**Work request:**
The exercise calls for the lines from the one containing "Hohenkasten HistorieHohenkasten heißt, so" to the end of the data below to be output exactly, pictures excluded.

**Supplied material:**
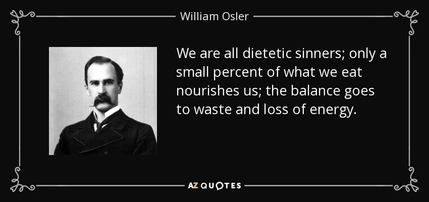 We are all dietetic sinners; only a small percent of what we eat nourishes us; the balance goes to waste and loss of energy.
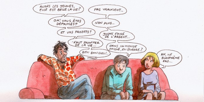 À l’inverse, il est observé un certain désenchantement vis-à-vis du travail (-4 points depuis 1994) et surtout du progrès scientifique (-16 points), qui ne fait plus recette qu'auprès de 44 % des jeunes. Parallèlement, et l’on notera la similarité de proportion, 58 % jugent inacceptable la critique des religions, sachant que c'est dans les rangs des catégories populaires (61 à 65 %), des catholiques pratiquants (76 %) et des musulmans (92 %) que ce refus est le plus fort. Il en découle une influence relative sur les valeurs morales : « Si la jeunesse se montre progressiste sur l'avortement (que 91 % jugent acceptable) et l'homosexualité (73 %), ses valeurs morales apparaissent d’autant plus conservatrices qu’elles sont influencées par la morale religieuse. 49 % des jeunes musulmans et 13 % des jeunes catholiques jugent inacceptables les relations entre personnes de même sexe (vs 7 % des sans-religion) ; 57 % des jeunes musulmans et 31 % des jeunes catholiques estiment inacceptable le changement de genre (vs 21 % des sans-religion). »
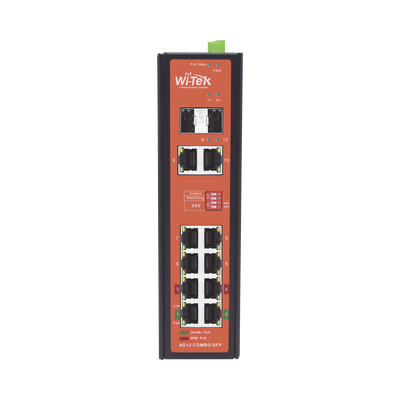 Switch PoE Industrial No administrable / Puertos 1-2 PoE 802.3 af/at y PoE 24 Vcc Pasivo 30W / Puertos 3-4 PoE 802.3 af/at/bt Hasta 60W / Puertos 5-8 PoE 802.3 af/at Hasta 30W / Los 8 puertos son Gigabit + 2 SFP combo / Presupuesto 300W
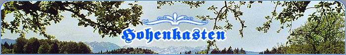 Hohenkasten HistorieHohenkasten heißt, so ist es überliefert, seit dem Jahre 1612 so. Damals hieß es genauer "Hoher Kasten". Erhardsberg war der erste Name des Hofes, der an diesem einzigartigen Platz stand. Dieser war auch in die Gebietskarte von Apian eingetragen. Die Gründung von Erhardsberg geht auf das Jahr 1445 zurück. Die Höfe waren mit einem Zehntel ihrer Ernte abgabepflichtig, und Erhardsberg gab damals an das Kloster Ettal ab. Von 1471 an musste Erhardsberg an das nähergelegene Kloster Benediktbeuern abgeben. Als Einkehr besteht Hohenkasten seit Ende des 15. Jahrhunderts. Damals waren die Voraussetzungen für die Einrichtung einer Einkehr erfüllt: Lage an einer wichtigen Verbindungsstraße, nämlich derjenigen zwischen Weilheim und Tölz, Wasser laufend oder aus dem Ziehbrunnen, Unterstell-, Fütterungs- und Übernachtungsmöglichkeit für Pferde und Verpflegungs- und Übernachtungsmöglichkeit für Reisende. |
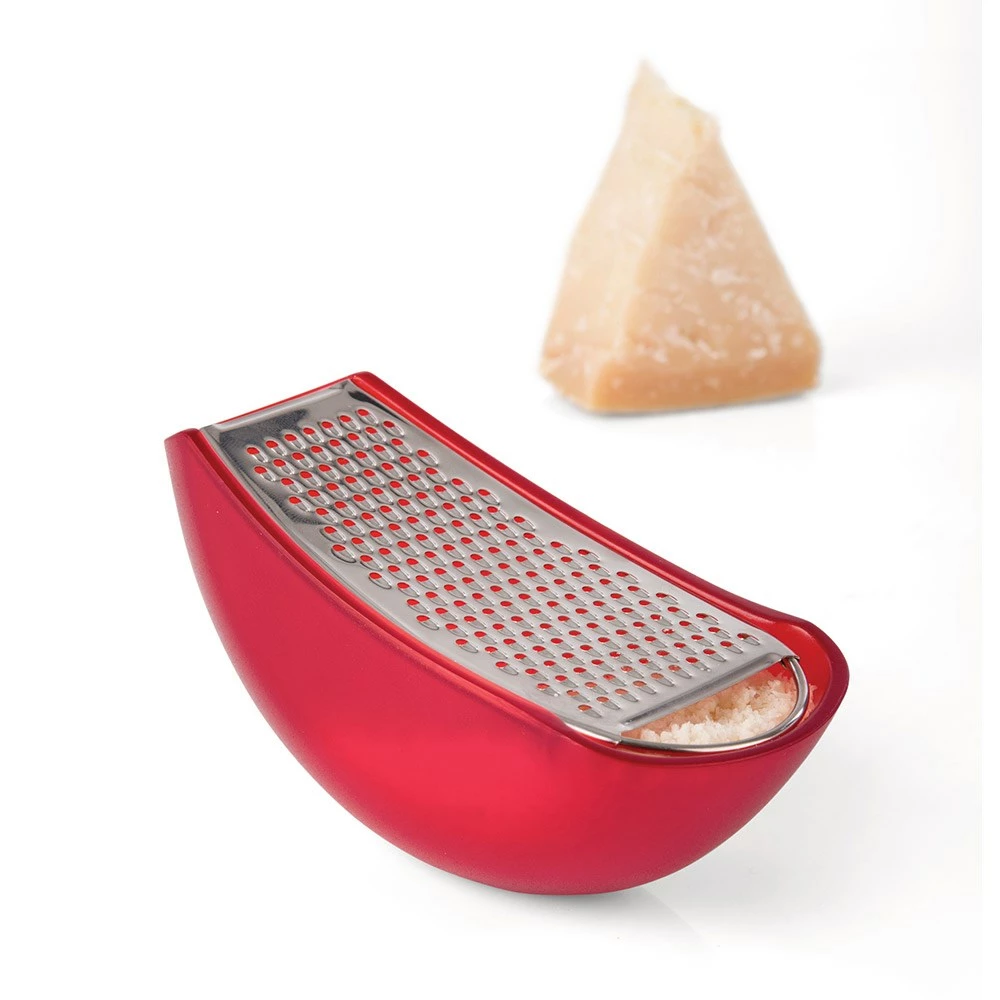 Grate your cheese directly into your serving bowl with the Alessi Parmenide Steel Grater 15.3 x 7.5 x 6.7cm Red
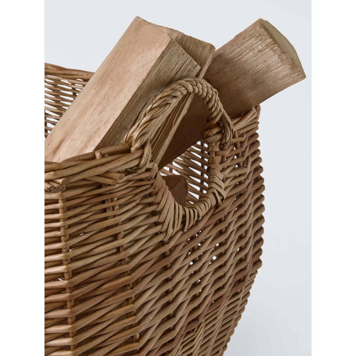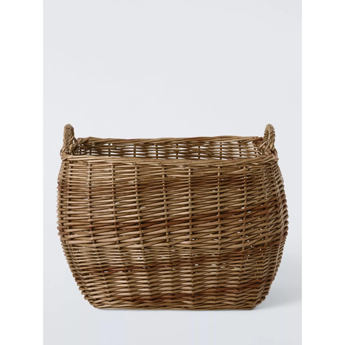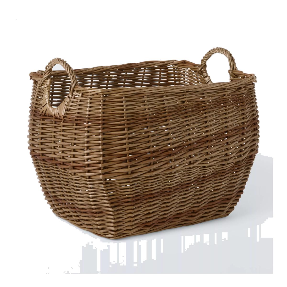 A large log basket, neatly woven fro willow and designed with large looped handles. Willow grows quickly; once cut it can grow back to the same height within a year. Artisans use these raw fibres to handcraft woven baskets.
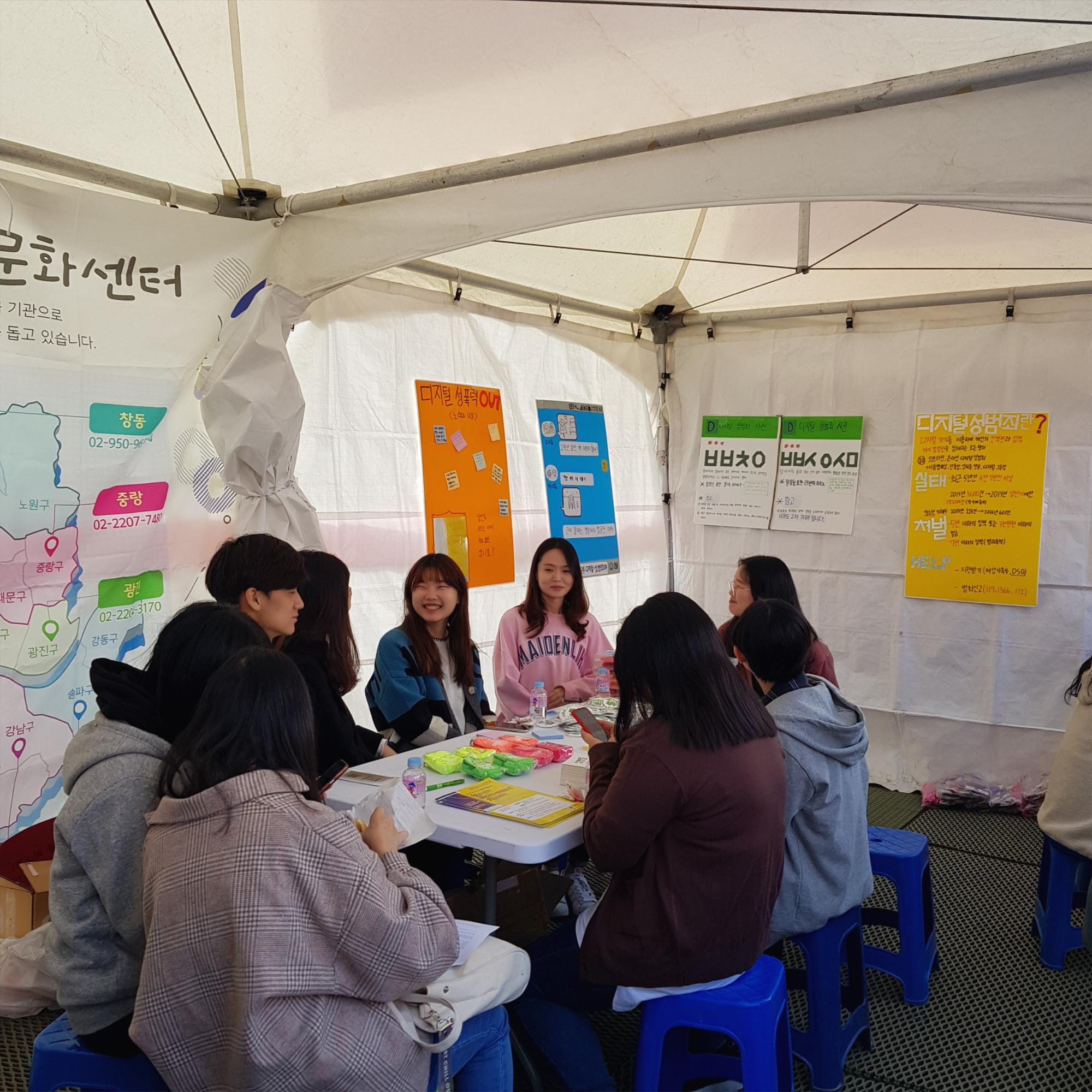 추가적으로, 기획협력팀과의 협업으로 10대와 20대 사이의 성평등 문화 교류도 이루어졌다. 아하!센터가 운영하는 문영여고 동아리 ‘여우사이’와 함께 놀라운 토요일 서울 EXPO(이하 ‘놀토엑스포’)에서 디지털 성폭력을 주제로 부스 활동을 진행하였다.

**Expected output:**
 Hohenkasten HistorieHohenkasten heißt, so ist es überliefert, seit dem Jahre 1612 so. Damals hieß es genauer "Hoher Kasten". Erhardsberg war der erste Name des Hofes, der an diesem einzigartigen Platz stand. Dieser war auch in die Gebietskarte von Apian eingetragen. Die Gründung von Erhardsberg geht auf das Jahr 1445 zurück. Die Höfe waren mit einem Zehntel ihrer Ernte abgabepflichtig, und Erhardsberg gab damals an das Kloster Ettal ab. Von 1471 an musste Erhardsberg an das nähergelegene Kloster Benediktbeuern abgeben. Als Einkehr besteht Hohenkasten seit Ende des 15. Jahrhunderts. Damals waren die Voraussetzungen für die Einrichtung einer Einkehr erfüllt: Lage an einer wichtigen Verbindungsstraße, nämlich derjenigen zwischen Weilheim und Tölz, Wasser laufend oder aus dem Ziehbrunnen, Unterstell-, Fütterungs- und Übernachtungsmöglichkeit für Pferde und Verpflegungs- und Übernachtungsmöglichkeit für Reisende. |
 Grate your cheese directly into your serving bowl with the Alessi Parmenide Steel Grater 15.3 x 7.5 x 6.7cm Red
 A large log basket, neatly woven fro willow and designed with large looped handles. Willow grows quickly; once cut it can grow back to the same height within a year. Artisans use these raw fibres to handcraft woven baskets.
 추가적으로, 기획협력팀과의 협업으로 10대와 20대 사이의 성평등 문화 교류도 이루어졌다. 아하!센터가 운영하는 문영여고 동아리 ‘여우사이’와 함께 놀라운 토요일 서울 EXPO(이하 ‘놀토엑스포’)에서 디지털 성폭력을 주제로 부스 활동을 진행하였다.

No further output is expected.